Palestinian journalist and peace activist

Rami Aman (رامي أمان; born 1981/1982) is a Palestinian journalist and peace activist in the Gaza Strip. Aman founded the Gaza Youth Committee, through which since 2015 Aman has been organizing small-scale video chats between Israelis and Palestinian peace activists in the Gaza Strip in an initiative called "Skype With Your Enemy." On 9 April 2020, Aman was arrested by Hamas at the Internal Security headquarters in Gaza City. He was charged with "weakening revolutionary spirit" for his role in organizing the April 2020 video call with Israelis. He was released in October 2020.

==Background==
Rami Aman was born in Gaza, and is a journalist. He has been active in supporting peace and Israeli-Palestinian co-existence, as well as intra-Palestinian peace.

==Activism==
In 2010, Aman founded the Gaza Youth Committee, an organization that seeks to connect people in Gaza with the outside world through the internet.
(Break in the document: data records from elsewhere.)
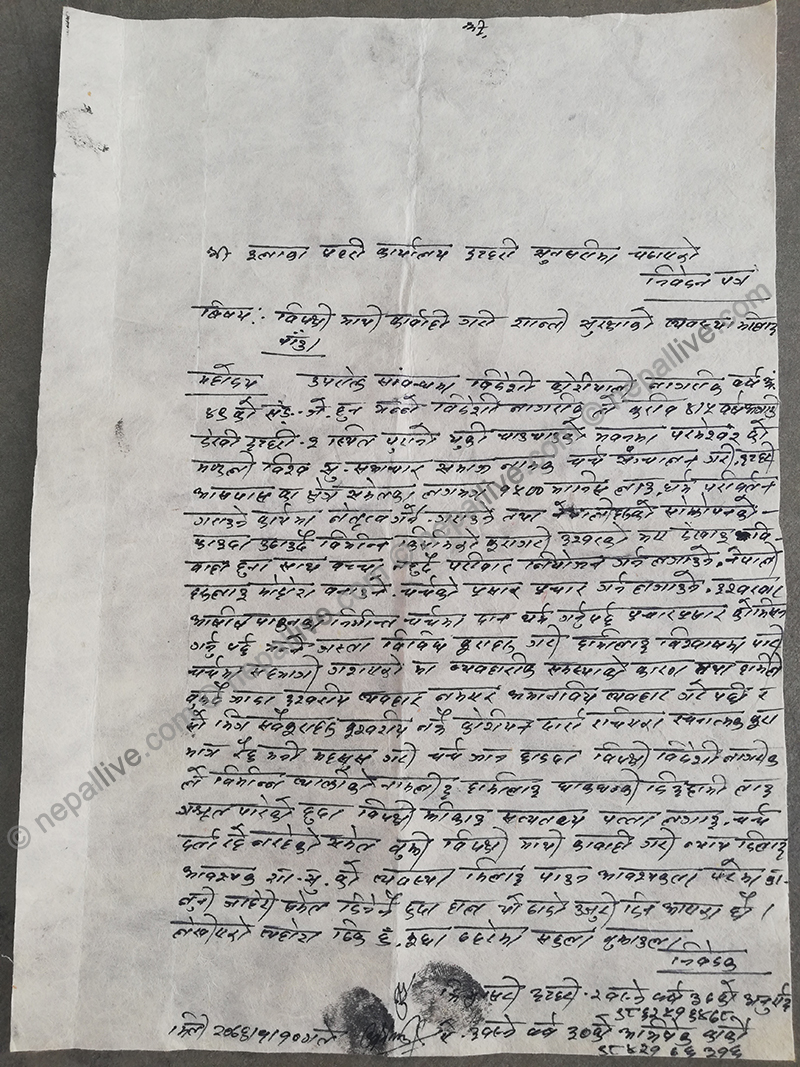 भोलिपल्ट मंगलबार निवेदन दिन पुन: इलाका प्रहरी कार्यालय पुगेका पीडिततलाई प्रहरीले निवेदन नै दर्ता नगराई फर्काइदिएको छ। ‘कि मिलेमतो गर्नुस्, नभए अदालत जानुस्’ भन्दै प्रहरीले धक्की दिएको पीडितहरुले गुनासो गरे।
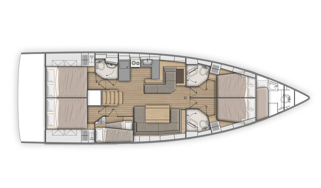Plachetnice Oceanis 51.1 Kos 51.1, rok spuštění na vodu 2018 kotví v marině Lefkas, D-Marin, Jónské ostrovy (Řecko), Řecko. Počet kajut: 5 + 1 , může ubytovat celkem: 10 + 1 a má toalet: 3 + 1 . Povlečení a kuchyňské vybavení jsou zahrnuty v ceně.
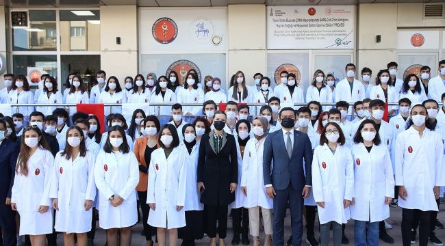 Konuşmaların ardından DEÜ Veteriner Fakültesi'ne en yüksek dereceyle kayıt yaptıran İlkay Yüksel ile İbrahim Kızıltaş'a hediyeleri takdim edildi, öğrenciler beyaz önlüklerine kavuştu.
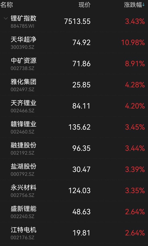 其中,盐湖提锂板块涨幅靠前。中铝国际开盘后,迅速封死涨停。
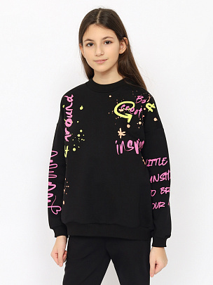 Джемпер с длинными рукавами и притачным поясом. Рукава втачные с манжетами по низу. Воротник, манжеты и пояс выполнены из полотна с эластаном. Перед и спинка декорированы принтом "Оставайся хладнокровным, следуй своим собственным правилам".
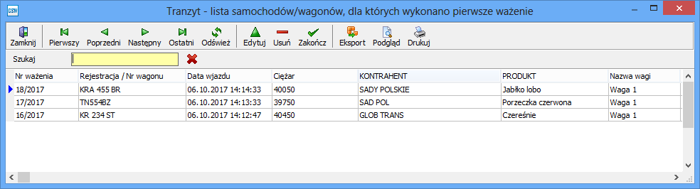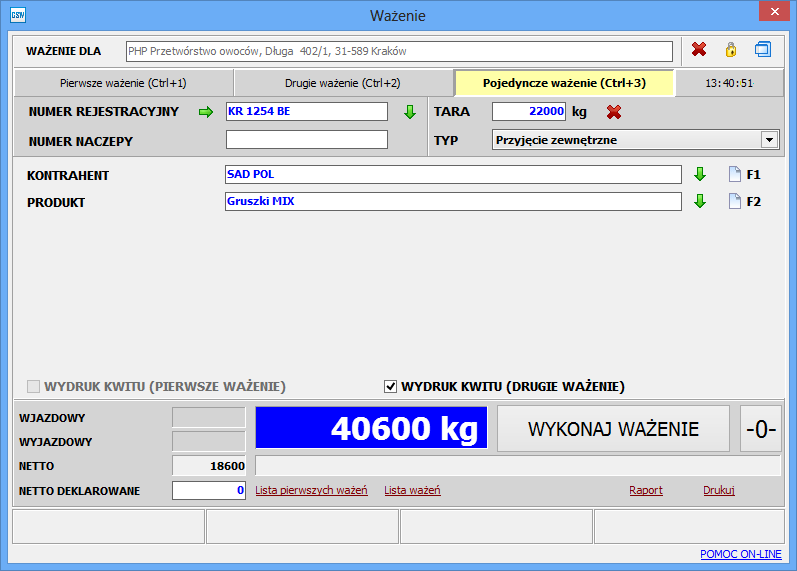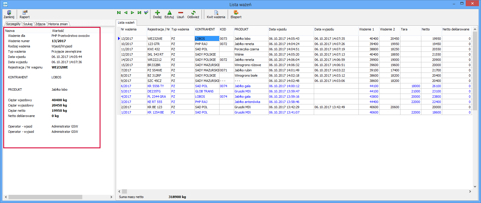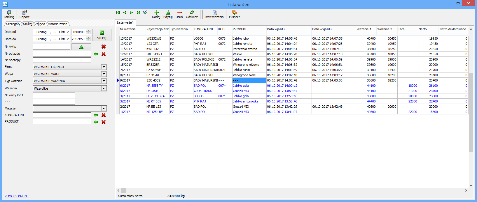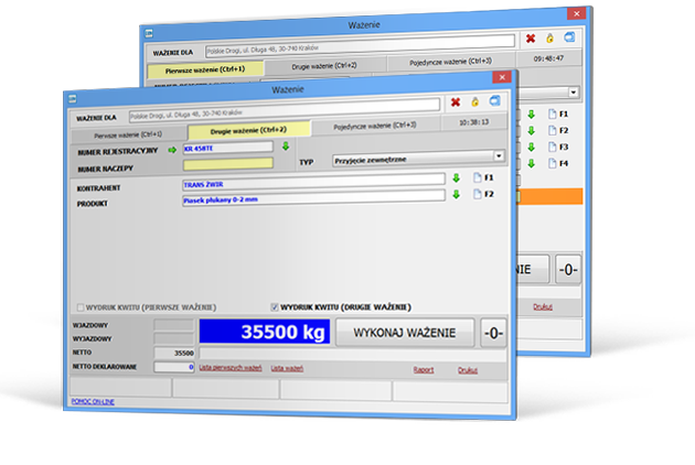 WAŻENIE NA WADZE Funkcja ta pozwala na wykonywanie ważeń na małych wagach (np. paletowych) bez konieczności podawania numeru rejestracyjnego. Wykonane ważenie będzie ważeniem pojedynczym. Funkcja ta często wykorzystywana jest w przedsiębiorstwach zajmujących się obrotem złomem stalowym. |
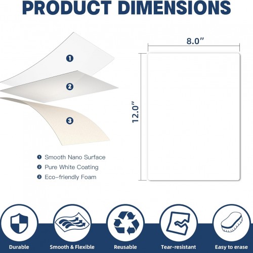 Dry Erase White Board, Small Dry Erase Sheet for Fridge, Non-Magnetic Whiteboard, 12″ x 8″ Reusable & Removable Whiteboard for Wall/Refrigerator/Door/Classroom(5 Sheets)
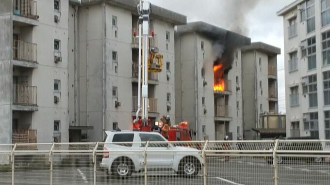 この火事で9号棟の住民3人が病院に搬送されたという事ですが、けがの状況などについては分かっていません。現在、消防が消火活動を行っています。
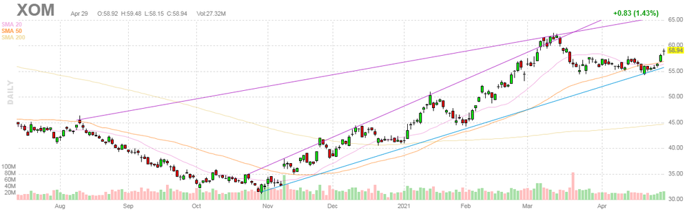 Exxon Mobil (XOM) reported Q1 FY 2021 earnings of $0.65 per share (versus -$0.14 per share in Q1 FY 2020), beating analysts’ consensus estimate of $0.53 per share.

Since 2015, through the committee, Aman has been organizing small-scale video chats between Israelis and Palestinian peace activists in the Gaza Strip in an initiative called "Skype With Your Enemy."
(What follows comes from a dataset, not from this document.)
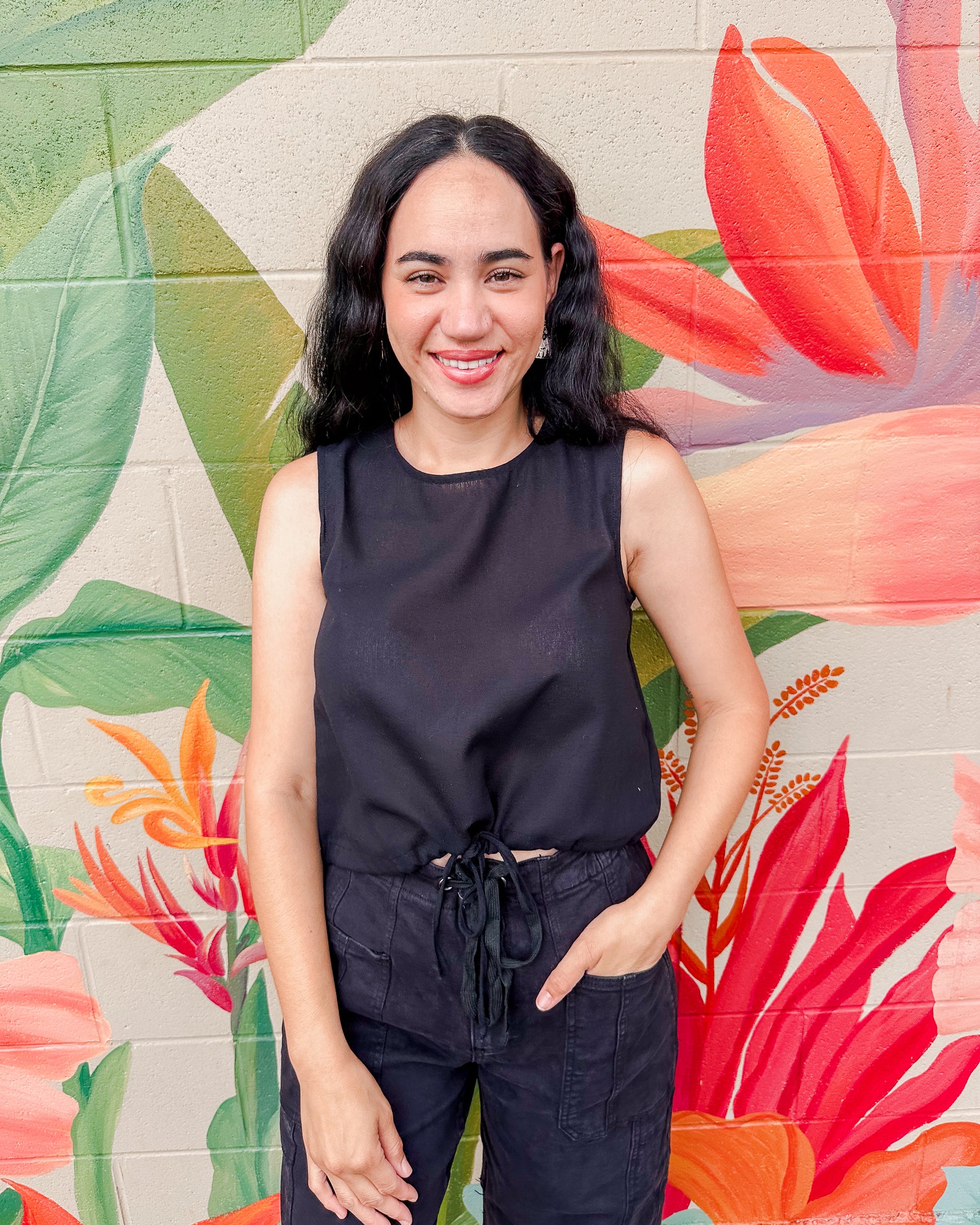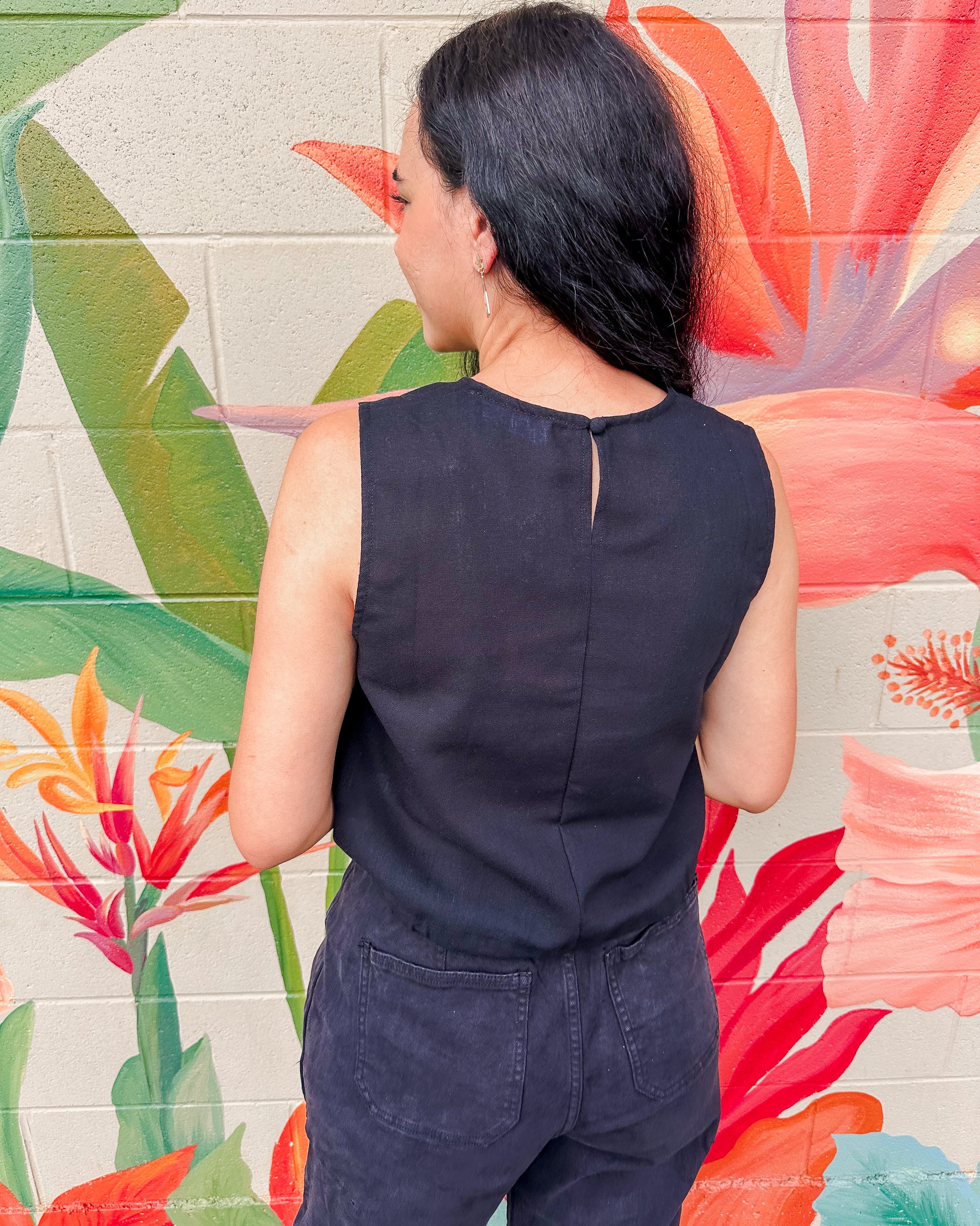 The Davie Top combines simplicity and comfort with its soft cotton linen fabric and sandwashed finish. Its crew neckline and sleeveless cut create a relaxed, airy feel, while the cropped hem adds a modern touch. A drawstring detail at the waist lets you adjust the fit to your liking, making it a versatile piece that pairs effortlessly with any outfit for an understated, charming look.

In 2017, Aman was able to visit the United States for three months as part of a Leaders for Democracy fellowship.

In 2019 he organized cycling events held with Israeli cyclists, with participants separated by the border fence. Aman was arrested for helping to organize the cycling event.

In October 2023, Aman criticized the Israeli attacks on Gaza as part of the Gaza war, noting that the conditions prevented anti-Hamas protests and that the attacks would likely further radicalize Gazans.

==Detention and release==
On 6 April 2020, amid the COVID-19 pandemic, the Gaza Youth Committee held one of its largest videoconferences via Zoom, with more than 200 participants. Opponents of normalizing relations with Israel were also on the call, resulting in a public uproar; journalist Hind Khoudary criticized the event publicly and tagged Hamas officials in a Facebook post about Aman. Hamas arrested Aman and several other Gazan call participants.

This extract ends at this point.